# A little sedation humor.



## reaganmarsh (Nov 17, 2016)

This is both a praise and a funny story. I had a colonoscopy and an upper GI scope today due to ongoing GI issues. No polyps found today, which means that for now, there's no more danger of cancer. We were very concerned, as during my last colonoscopy they'd cut out 13 polyps (several of which were of the aggressive precancerous sort). Thanks be to God for his mercy toward us in this! 



Here's what funny, though. When I was sedated today, Kara told me I said this to the nurse. I have no recollection of it at all. 

Nurse: So what do you do? 
Me: I'm a pastor.
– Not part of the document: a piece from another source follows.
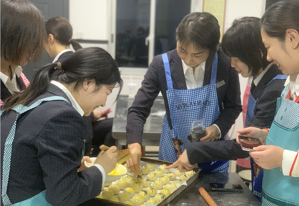 活动现场,弥漫着香甜味道,气氛温馨,其乐融融,在烘焙老师悉心讲解、示范与指导下,大家边学边做,各司其职,井然有序。为了避免制作失败,每一步操作都特别小心翼翼、紧跟步骤,大家相互讨论,相互学习、相互分享,在欢声笑语中揉面、擀皮、包馅,忙得不亦乐乎。不过,制作过程中有些小组还是遇到了些困难,油酥没有揉搓好、面皮没有醒好、面皮小剂子分不均匀等等,大家都虚心向老师请教,一个个圆圆的小面团就制作完成了。最后,大家给面团刷上蛋液、撒上芝麻、送入烤箱,等待成品。经过半个小时的等待,新鲜的蛋黄酥出炉了,看着烤好的蛋黄酥,色泽金黄诱人,大家由衷欢呼,体验到了满满的成就感。活动在甜蜜与欢乐的氛围中画上了圆满的句号。

My wife says I yell sometimes when I preach. 
Nurse: You yell when you preach? What kind of preaching is that? 
Me: (apparently, quite emphatically) Good REFORMED preaching! 

For context, this was happening at a Catholic hospital. Kara said she had her hands full trying to shush me, as I began talking about Reformed theology and tried to engage the nurse on the doctrines of grace. 

That's after this one from my previous colonoscopy (actually, back-to-back colonoscopies in one week due to complications after the first one. Back-to-back colonoscopies are not something I'd recommend, by the way!) 

Kara said she asked me as I was waking up after the procedure, "Tell me your deepest, darkest secrets." 

My response was, "If we confess our sins, He is faithful and just to forgive us our sins..." 

She replied, "Fair enough." 

Ha ha!


----------



## arapahoepark (Nov 17, 2016)

What a good sedated witness!


----------



## Logan (Nov 18, 2016)

Ha, pretty funny.


----------



## Bill The Baptist (Nov 18, 2016)

At least the sedation worked well for you. When I had an upper GI done a year and a half ago, the sedation had no effect on me whatsoever and the entire procedure was quite unpleasant. I was told before hand that I would not remember the experience. If only that were true.


----------



## earl40 (Nov 18, 2016)

Preaching out of season I see.


----------



## Gforce9 (Nov 18, 2016)

I've heard of pretty embarassing exchanges while sedated. I would be afraid of my own comments. It's a testimony to God's work in you.....


----------



## reaganmarsh (Nov 18, 2016)

Gforce9 said:


> I've heard of pretty embarassing exchanges while sedated. I would be afraid of my own comments. It's a testimony to God's work in you.....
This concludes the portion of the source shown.